I check to see if the regex in transforms is correct:
index=test sourcetype="test_barracuda" | rex field=_raw "\d+\s+(?P<st>SEND|SCAN|RECV)\s"
Query works and I get exactly as many events in the 3 correct st fields.
So I do btools on props and transforms (note I'm not seeing any errors during /debug/refresh or splunk restart)
C:\Program Files\Splunk\etc\apps\search\local\transforms.conf [set_sourcetype]

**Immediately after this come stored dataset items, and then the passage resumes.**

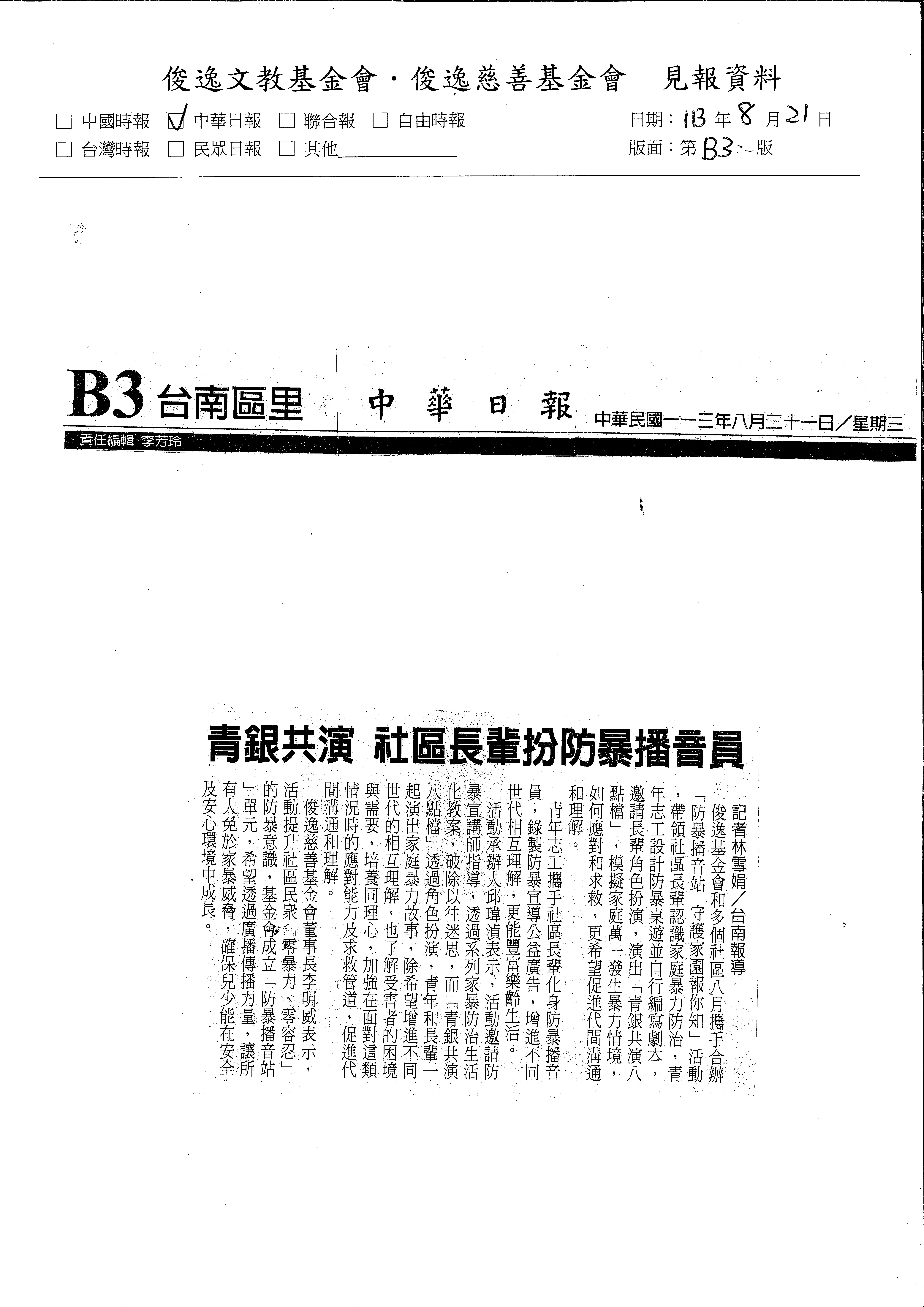 む中華日報め青銀共演 社區長輩扮防暴播音員::俊逸文教基金會::
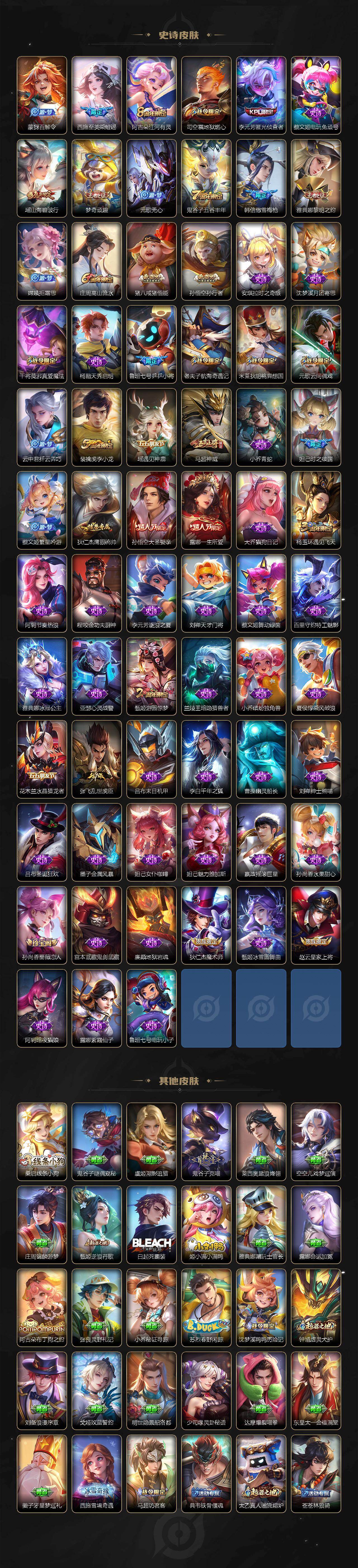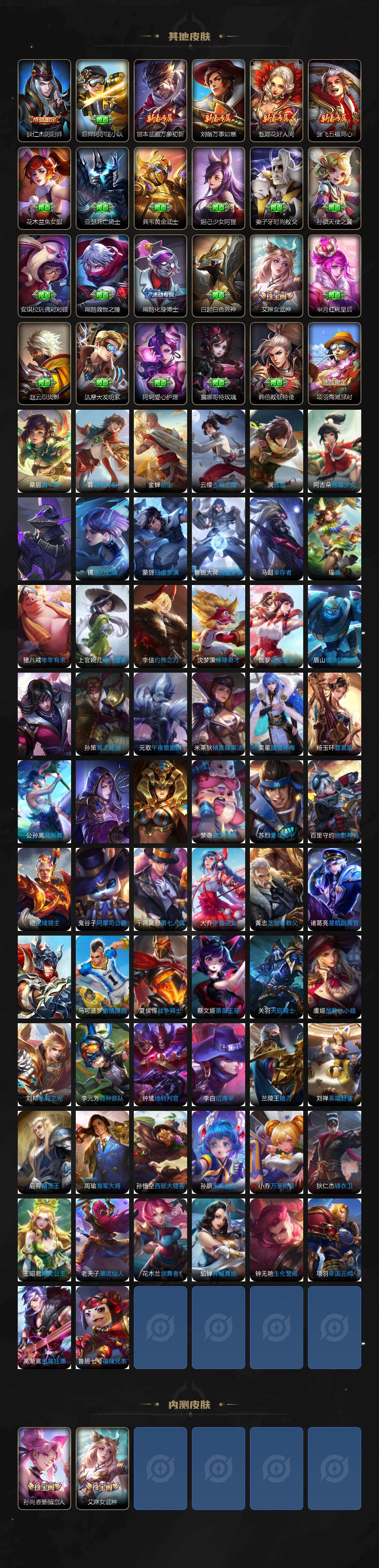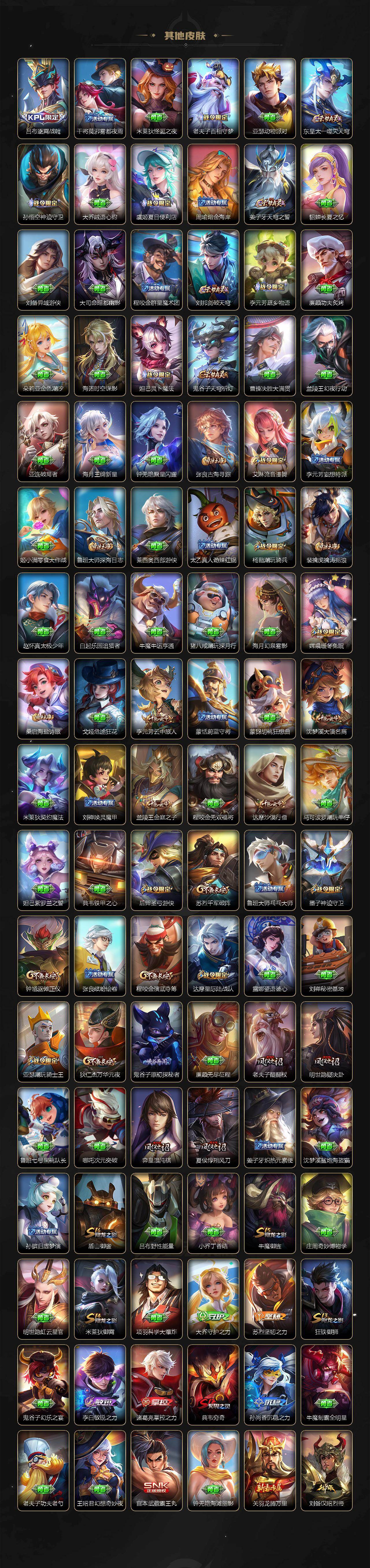 【限定皮肤】:蒙犽顽岩魄,蔡文姬夏日便利店,大乔绒语心约,虞姬夏日便利店,姜子牙天穹之誓,狄仁杰阴阳师,赵云皇家上将,墨子神迹守卫,妲己时之彼端,孙尚香蔷薇恋人,鲁班七号乒乒小将,庄周高山流水,元歌云间偶戏,元歌无心,夏侯惇朔风刀,甄姬游园惊梦,甄姬至美化雀舞,典韦穷奇,马可波罗妄想实况,狄仁杰魔术师,狄仁杰万华元夜,达摩星际陆战队,达摩沙漠行僧,项羽海滩派对,老夫子醍醐杖,老夫子航海奇遇记,程咬金演武夺筹,露娜一生所爱,韩信傲雪梅枪,兰陵王金庭之子,亚瑟潮玩骑士王,孙悟空大圣娶亲,孙悟空孙行者,孙悟空齐天大圣,牛魔御旌,后羿圣弓游侠,李元芳匿光侦查者,李元芳云中旅人,钟馗驱傩正仪,杨玉环遇见飞天,杨戬潮玩骑兵,干将莫邪真爱魔法,雅典娜黎明之约,蔡文姬繁星吟游,鬼谷子原初探秘者,鬼谷子五谷丰年,苏烈千军破阵,弈星混沌棋,梦奇顽趣,沈梦溪大漠名商,明世隐疑决卦,裴擒虎李小龙,裴擒虎擒涛扼浪,狂铁御狮,米莱狄御霄,米莱狄胡桃异想国,瑶时之祈愿,瑶山海碧波行,云中君纤云弄巧,盾山御銮,猪八戒猪悟能,嫦娥拒霜思,嫦娥暖冬兔眠,西施至美乘鲤谣,鲁班大师探海日志,桑启海盐诗旅,艾琳女武神,艾琳流音漫舞,司空震地狱燃心,阿古朵江河有灵,张良古海寻踪,蒙犽百解令,高渐离燃音魔法,妲己灵卜魔法,鬼谷子天穹祈灯,鲁班七号蔬乡物语,李元芳蔬乡物语,刘邦剑破天穹,程咬金群星魔术团,刘备异域游侠,周瑜熔金海岸
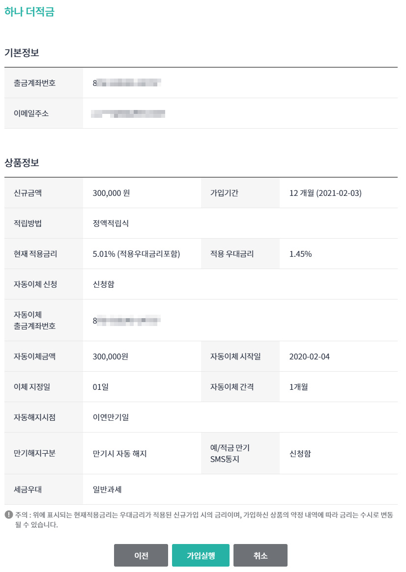 하나은행 5% 적금인 하나 더 적금은 가입 할 때만 잘 해놓으면

C:\Program Files\Splunk\etc\system\default\transforms.conf CAN_OPTIMIZE = True
C:\Program Files\Splunk\etc\system\default\transforms.conf CLEAN_KEYS = True
C:\Program Files\Splunk\etc\system\default\transforms.conf DEFAULT_VALUE =
C:\Program Files\Splunk\etc\apps\search\local\transforms.conf DEST_KEY = MetaData:Sourcetype
C:\Program Files\Splunk\etc\apps\search\local\transforms.conf FORMAT = sourcetype::test_$1
C:\Program Files\Splunk\etc\system\default\transforms.conf KEEP_EMPTY_VALS = False
C:\Program Files\Splunk\etc\system\default\transforms.conf LOOKAHEAD = 4096
C:\Program Files\Splunk\etc\system\default\transforms.conf MV_ADD = False
C:\Program Files\Splunk\etc\apps\search\local\transforms.conf REGEX = \d+\s+(SEND|SCAN|RECV)\s
C:\Program Files\Splunk\etc\system\default\transforms.conf SOURCE_KEY = _raw
C:\Program Files\Splunk\etc\system\default\transforms.conf WRITE_META = False
C:\Program Files\Splunk\etc\system\default\transforms.conf [set_sourcetype_to_stash]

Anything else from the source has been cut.